The effects of blueberries on the expression of the proteins assessed in the current study in endothelial cells stimulated with Ang II has not been reported. However, blueberry polyphenols have been used in endothelial cell lines to reduce ROS under a variety of insults. For example, Sivasinprasasn et al. [54] showed that cyanidin-3-glucoside, a major anthocyanin in blueberries, reduced ROS induced by Ang II (1 µM) in a dose-dependent manner in immortalized umbilical endothelial cells (EA.hy926) [54]. This was accompanied by a dose-dependent increase in NRF2 and HO-1 expression an attenuation of Ang II-induced increase in the expression of the NF-κB p-65 subunit [54], which corroborates our findings. Myricetin, a blueberry flavonol, also reduced oxidative stress-induced by high-glucose conditions in human umbilical vein endothelial cells (HUVEC)s [55]. In addition, in HUVECs, NF-κB upregulation after stimulation with tumor necrosis factor (TNF)-α was reduced by both cyanidin-3-glucoside [56] as well as by malvidin and its glycosides [57]. Under basal conditions in HUVECs, blueberry anthocyanins, malvidin and its glycosides, reduced ROS production, increased total SOD, and increased HO-1 [58]. It is interesting to note that xanthine oxidase (XO), a ROS-producing enzyme, was also reduced.
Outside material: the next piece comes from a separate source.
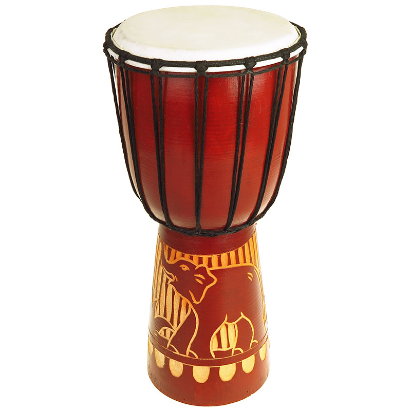 Descriere: Toba bongo de foarte bună calitate este realizată dintr-o singură bucată de lemn cu modele frumoase sculptate în roșu și negru. Bongoul are desene frumoase, sculptate manual, reprezentând un elefant. Deoarece aceasta este o tobă djembe făcută manual, precum și modelele sculptate manual pe această tobă, motivele nu sunt întotdeauna sculptate exact geometric, ceea ce nu face decât să se adauge originalității și unicității fiecărei piese care este disponibilă.

While we did not investigate the role of XO, it is possible that this was a contributing source of ROS in the present study. Landmesser et al. [59] demonstrated that XO is potentially redox-sensitive and can be activated by NOX, which may be of relevance in the present study. It was also demonstrated that Ang II stimulation (100 nM) in bovine aortic endothelial cells increased XO protein levels, which peaked at 12 h and coincided with increased superoxide production [59].

5. Conclusions

Collectively, our data indicate that blueberries preserve NO bioavailability and reduce Ang II-mediated oxidative stress and inflammatory signaling in HAECs. We also provide evidence that these protective effects may be mediated by increased NRF2 transcriptional activity. Thus, targeting NRF2 is likely of major clinical significance. For example, NRF2 agonist tert-butylhydroquinone (tBHQ) prevented hypertension and vascular oxidative stress in a two-week Ang II infusion model in mice [60]. However, NRF2 genetic knockout mice did not experience this protection following tBHQ, illustrating the importance of NRF2 activation in attenuating hypertension. We have demonstrated the anti-hypertensive effects of blueberry consumption clinically in a prior investigation [24]; however, the role of NRF2 in mediating these anti-hypertensive effects was not evaluated. As demonstrated in the present study in vitro with BPE, NRF2 and its activity is also increased in vivo following polyphenol-rich fruit consumption in peripheral blood mononuclear cells in human volunteers [61]. Anthocyanins, such as those found in blueberries, appear to be directly involved in NRF2-mediated ARE-activation [62], and this may be due to polyphenol–protein interaction with KEAP1, leading to NRF2 accumulation in the cell [63]. A number of clinical studies have been conducted utilizing NRF2 inducers, such as dimethyl fumarate, bardoxolone methyl, oltipraz, and sulforaphane [64]. However, blueberries are safe and free of side effects, comparatively low cost, and may be effective inducers of NRF2 activation clinically. Future studies should aim to investigate the NRF2-mediated role of blueberries in hypertension using genetically modified animal models as well as clinical studies.